McManus explained that she shares these stories to clarify several points necessary to understand the nature of torture in Egypt today, the first of which is that torture is structural and part of the state’s logic to control the civilian population. Secondly, that torture is systematic, particularly during periods of enforced disappearance almost without exception; thirdly, that NSA officers are often responsible for directing or supervising an act of torture, and lastly for more than 30 years, there has been no real accountability for acts of torture in Egypt.


Systematic impunity:


Grant Shubin, legal advisor at Dignity, said that torture is not only structural and systematic in Egypt, but impunity is also systemic and systematic, as illustrated by the case of Giulio Regeni who was kidnapped, tortured and killed in late January or early February 2016.


Shubin added that there was a short period of joint investigation between the Italian and Egyptian authorities so much so that the Egyptian public prosecutor at the time said he was not ruling out any possibility of state intervention. Quickly after that, the Egyptian authorities changed their tune, and all sorts of outlandish theories began to emerge about what ultimately happened to Giulio.


Nevertheless, the Italian authorities continued their investigation, and despite Egyptian obstructions each time enough evidence was collected to issue an indictment.


Shubin indicated that there are state security officials, people who work in their capacity as representatives of Egyptian national security, who allegedly commit international crimes, and obstruct justice for that crime by taking advantage of human rights standards for a fair trial.

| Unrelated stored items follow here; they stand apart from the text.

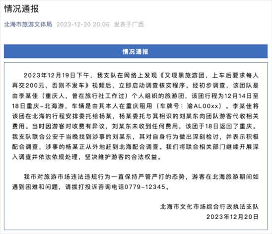 ·官方通報(bào)“廣西一旅行團(tuán)要求游客上車(chē)后每人再交200元”。
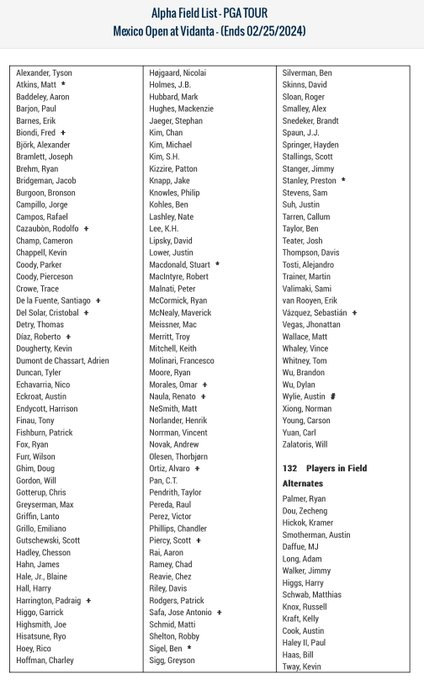 Here is the 132-player field for the Mexico Open at Vidanta:
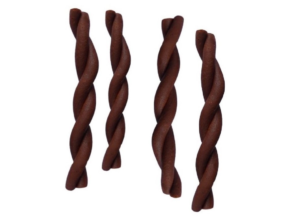 Lahodný polovlhký pamlsek pro psy - kroucené tyčinky o délce 12,5 cm. Jedinečný tvar je ideální pro žvýkání, které posiluje žvýkací svaly a pejska zabaví.Složení: vedlejší produkty živočišného původu, vedlejší produkty rostlinného původu, přírodní příchutě -kuřecí, hovězí, obiloviny, škrob, syrovátka, kaseinát sodný, uhličitan vápenatý, glycerin, přírodní barviva.Jakostní znaky: hrubý protein 38%, tuk 8,0%, hrubý popel 8,0%, vláknina 0,5%, vlhkost 13%Krmný návod: Podávejte 1-3ks denně dle velikosti a váhy psa.Dbejte, aby měl pes vždy přístup k čerstvé pitné vodě.Váha: 750gDoplňkové parametry
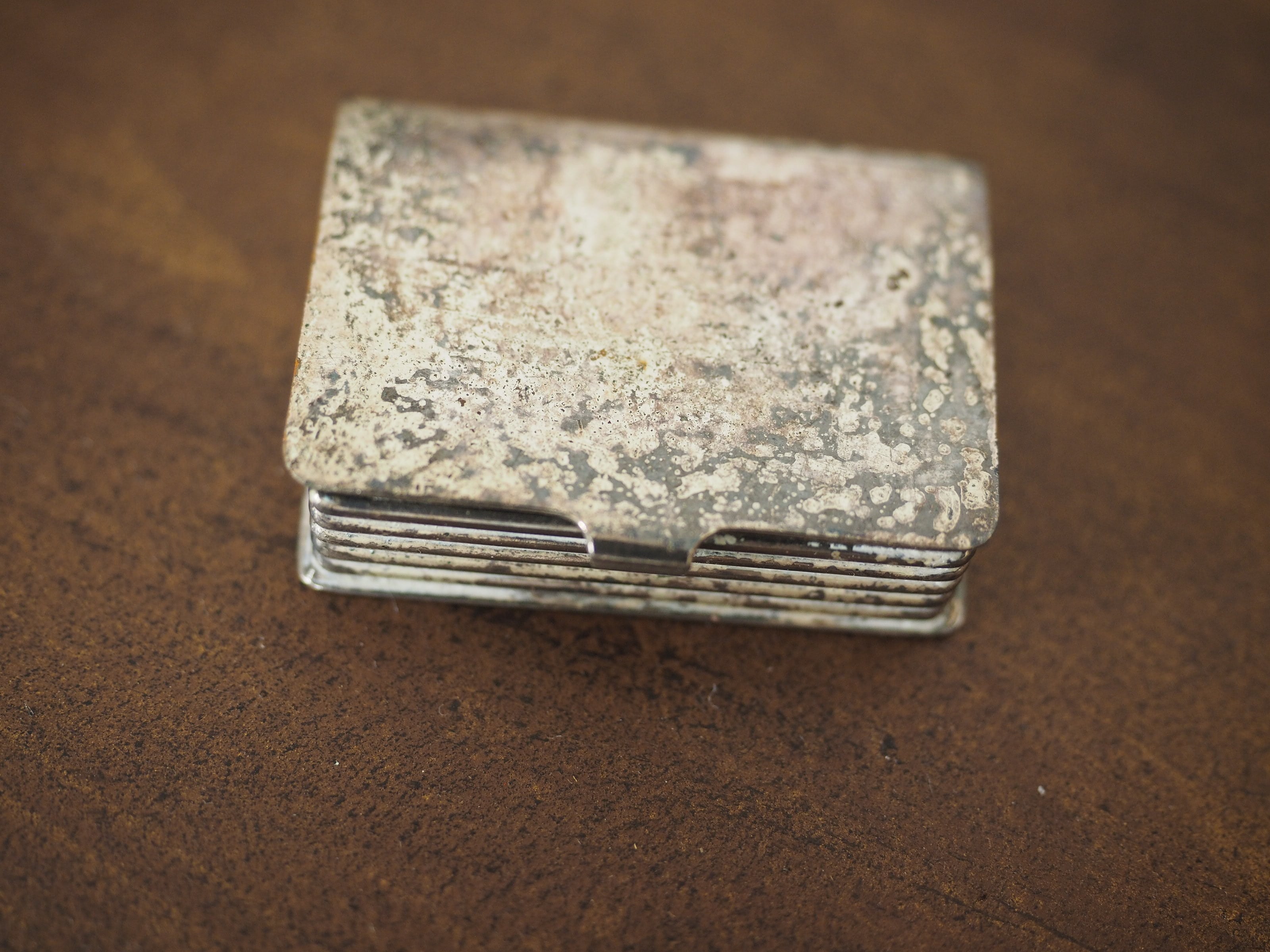 表面は黒くざらざらしていて、蓋内部の外側は色が変わっており銀がはがれているようです。
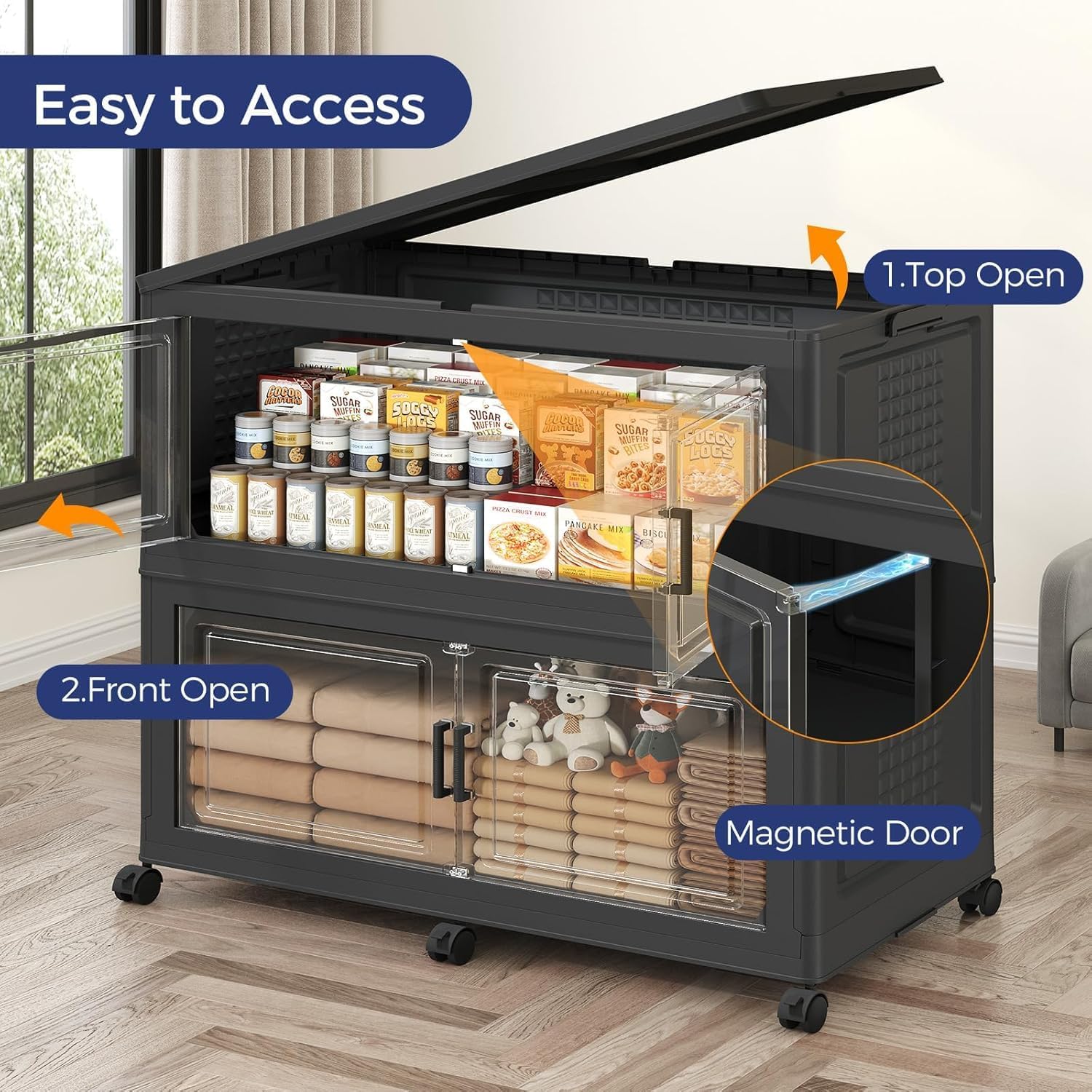- ăTwo Ways to Open & Clear Magnetic DoorăThe collapsible storage bins with lids and wheels feature a dual access way, allowing for both top and front door openings, and with clear windows for easy visibility. The stackable plastic storage bins with open front doors are equipped with magnetic lock buckles to prevent dust from entering the cabinet.
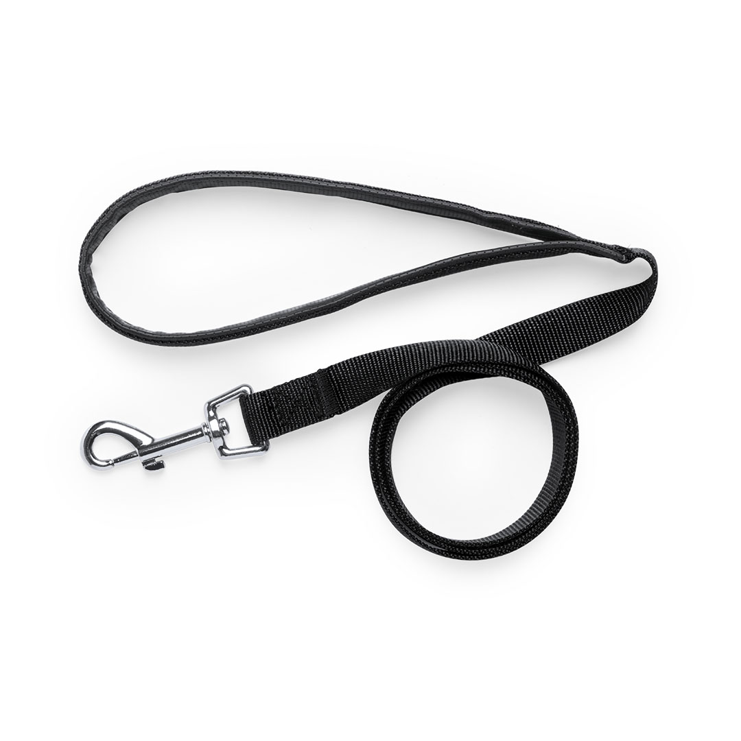 Cinta de paseo en resistente poliéste y 130 cm de largo, especialmente diseñada para perros de gran tamaño. Con asa reforzada y acolchada en PU. Mosquetón de enganche cromado y disponible en vivos colores.
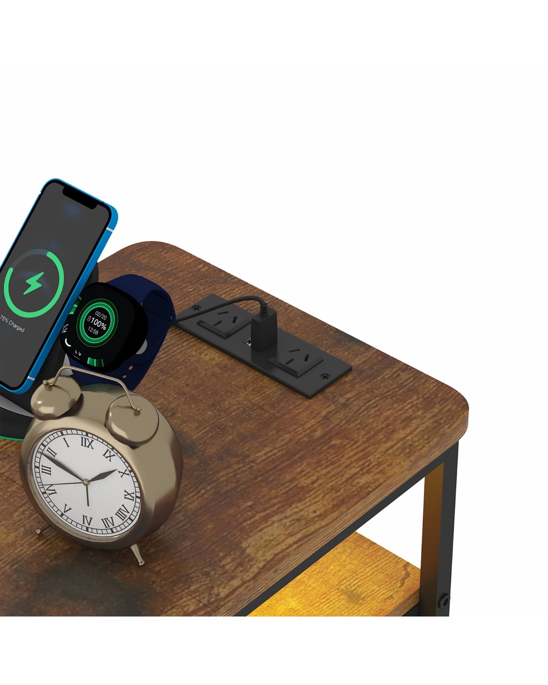 Advwin LED Bedside Tables Set of 2 with Drawer - Brown
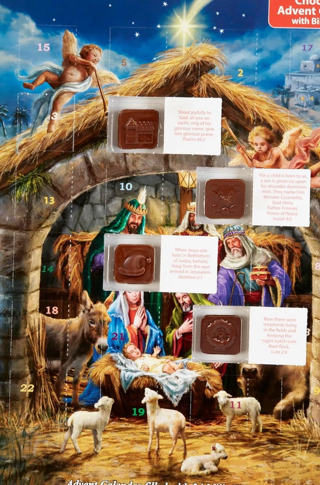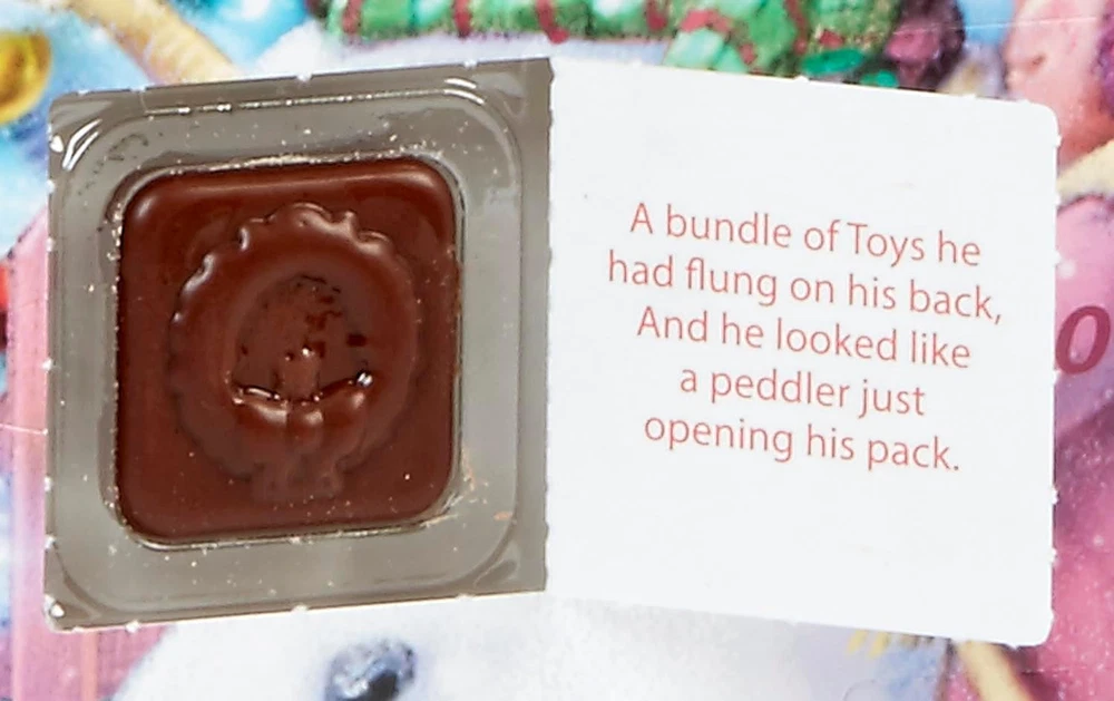 Vermont Christmas Company Elves' Treehouse Chocolate Advent Calendar (Countdown to Christmas) Product Details Manufacturer: Vermont Christmas Company Brand: Vermont Christmas Company Item Weight: 5.3 ounces Product Dimensions: 13 x 10 x 0.04 inches Item model number: BB138 Manufacturer Part Number: BB138 Brand: Vermont Christmas Company Theme: Christmas Format: Advent Calendar Special Feature: chocolate Product Dimensions: 13"L x 10"W Each window opens revealing a piece of gourmet milk chocolate. Also find a verse from "Twas the Night Before Christmas. Calendar contains 2.6 ounces of chocolate. All chocolate produced in Canada. Measures 10" x 13.75". This item does not contain peanuts or tree nuts as ingredients, and is not manufactured on equipment or in a facility that processes peanuts or tree nuts.
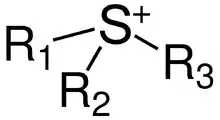 Les composés sulfonium ont une géométrie pyramidale au niveau de l'atome de soufre. Ainsi, le cation triméthylsulfonium (Me3S+) est structurellement similaire au composé isoélectronique triméthylphosphine. Les composés sulfonium où les trois substiaunt sont différents sont chiraux et optiquement stables[2].
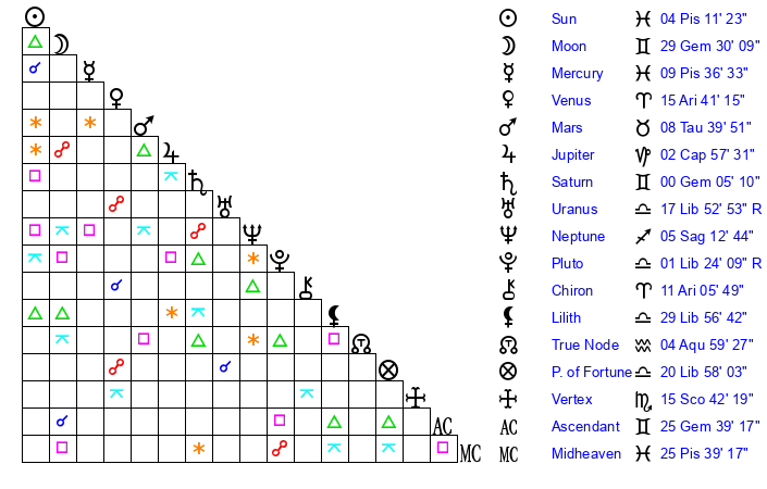 | Saturn | 0 Gemini 21 | 19 Pisces 58 | 4 Gemini 40 |
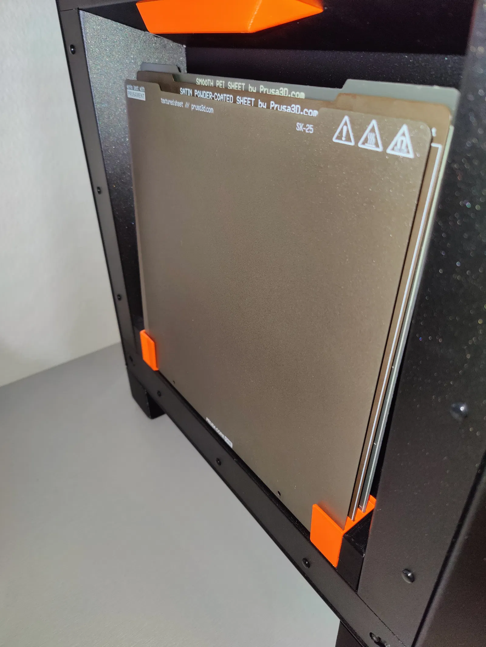 Một giá đỡ print sheet dạng nghiêng dành cho ngăn (pocket) ở tấm panel bên trái của Prusa CORE One. Thiết kế dựa trên mẫu rất thực tế của Girak.
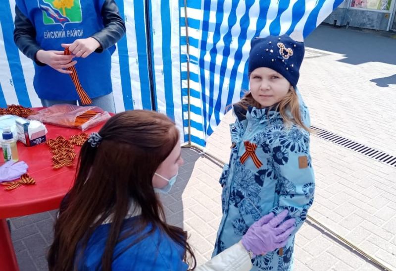 В преддверии Дня Победы волонтеры отдела по делам молодежи нашего муниципалитета начали раздавать георгиевские ленточки на улицах города и населенных пунктов. В Ейском районе их планируется раздать порядка 20 тысяч.
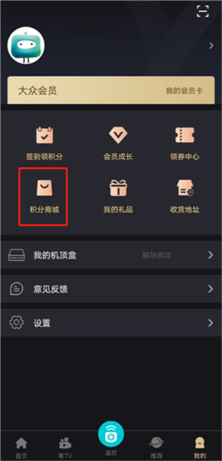 第二步:点击【我的】-【积分商城】进入商城页面
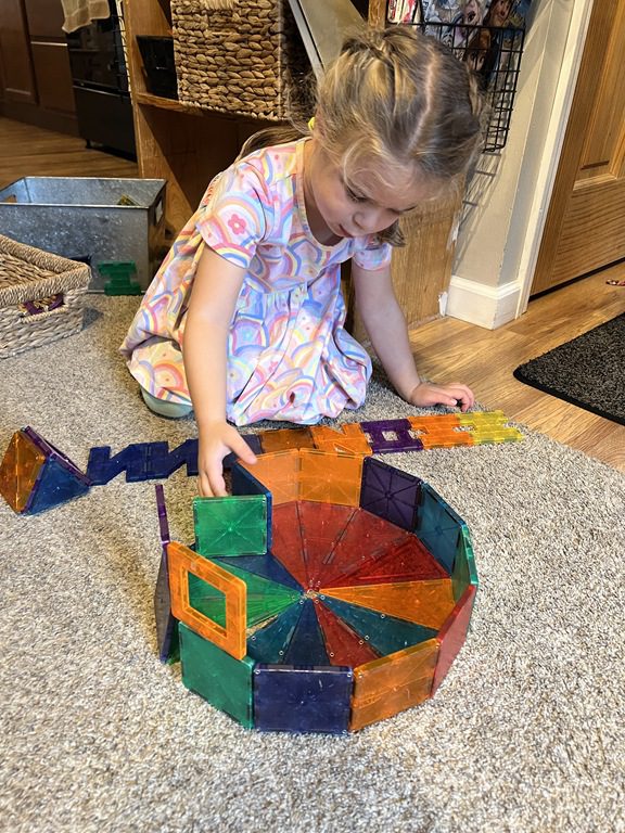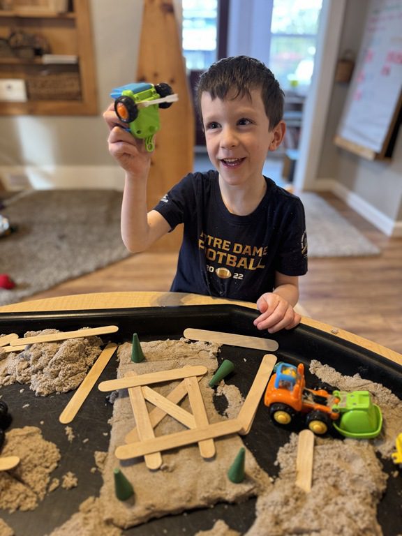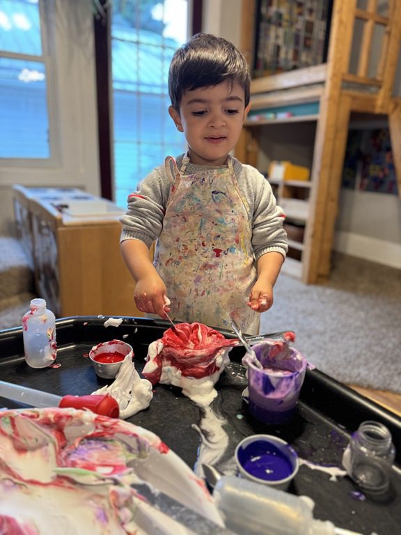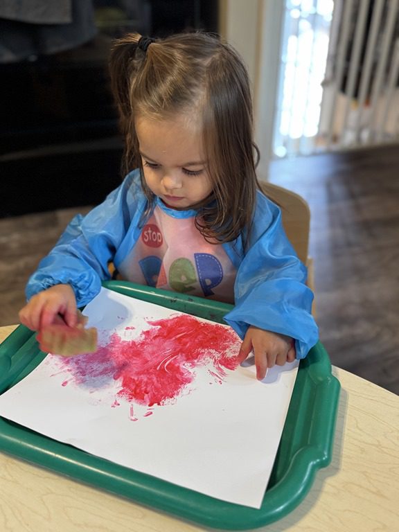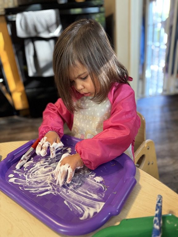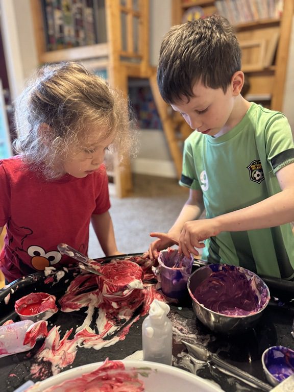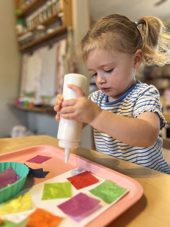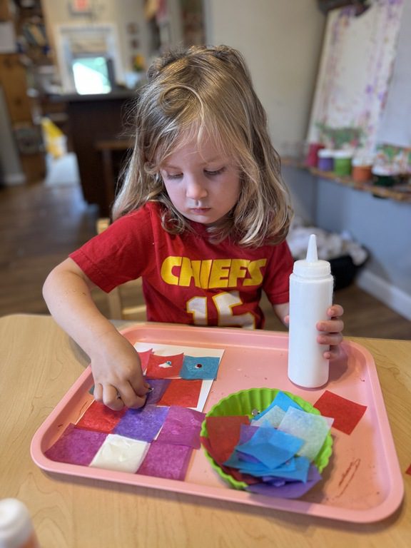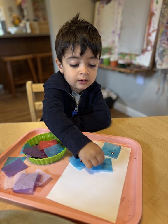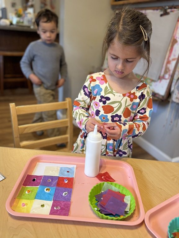 In the art center friends explored some new art materials for collage. Several kids became interested in creating a checkerboard pattern and then adding the sequins in the middle on each square, creating a very symmetrical collage. Others took a more layered and asymmetrical approach. Both were great and the kids loved making their collages.
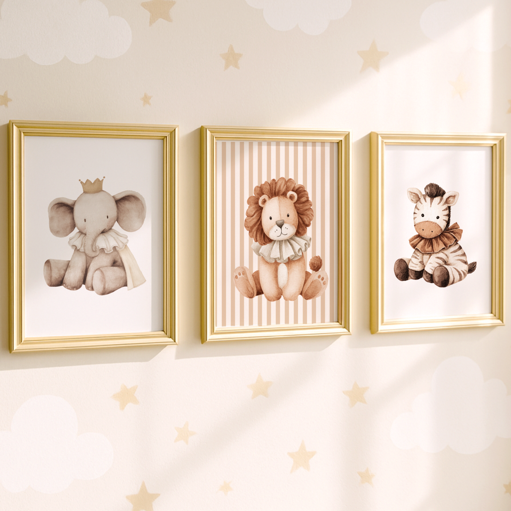 This Adorable animal print set features three beautifully coordinated watercolor designs that bring a soft, playful touch to any nursery or child’s room. Each artwork is printed on thick, fine-art paper for long-lasting quality and beautiful color depth. The soft, neutral tones make it easy to pair with any modern or themed room décor.
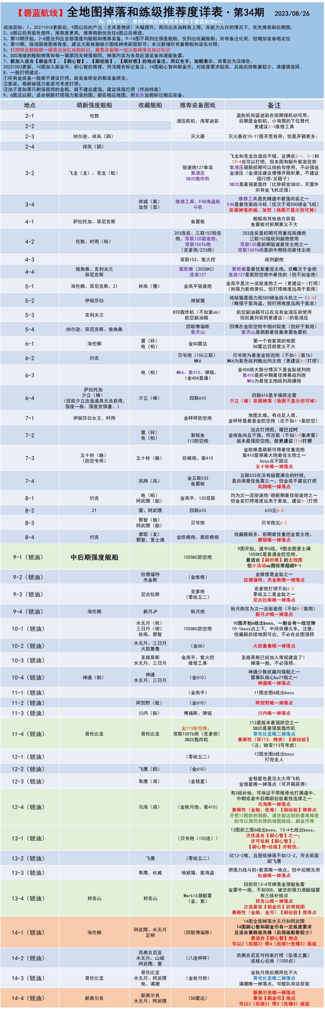 最新井号打捞表(源于b站井号5467) 第34期改动1、作战档案新增【峡湾间的反击】。SP3可掉落金四磁,但是无锁油,且金四磁已经加入装备研发系统。目前整体来说,研发比硬捞金四磁更划算一些。不再额外推荐大家硬捞,打完走即可。2、主线表部分,移除SOS海域相关描述。之前每周任务增加了潜艇类装备的获取,移除了SOS海域。同时也移除SOS海域相关描述。
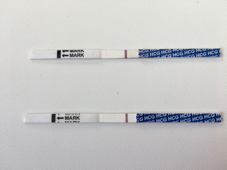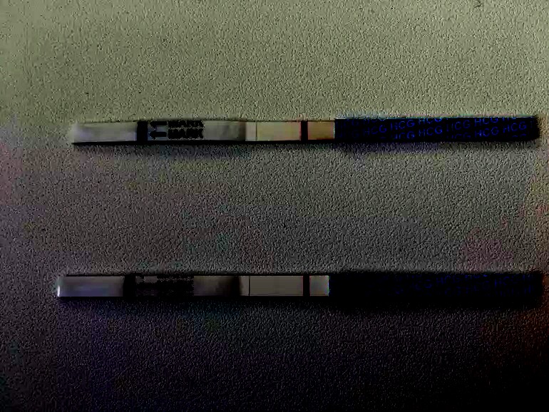 Я на двух тестах вижу вторую полоску, но реагент это или нет не ясно. Повторите завтра ещё раз. Удачи!

The Egyptian authorities use the human rights system as a weapon to perpetuate impunity for those who act on its behalf, he concluded.


Reprisals against anyone who tried to help:


Mohammed Lotfy, Executive Director of the Egyptian Commission for Rights and Freedoms, touched on the case of lawyer Ibrahim Metwally, who was arrested while traveling to Geneva from Cairo Airport in 2017. He spent six years in pretrial detention because he wanted to come to Geneva to talk about his missing son.


In 2013, for four years, Metwally was trying to find his son who disappeared in the 2013 protests. He was invited by a UN working group, and he had his ticket and an invitation to come and speak as we do now, but he was arrested.


Lotfy also referred to the case of the Egyptian human rights lawyer, Ezzat Ghoneim, who was recently sentenced to 25 years in prison on charges of establishing an illegal organization, as well as the human rights lawyer, Mohamed El-Baqer, pointing out that these are examples of reprisals against families, lawyers and NGOs who have tried to help victims of torture or enforced disappearance.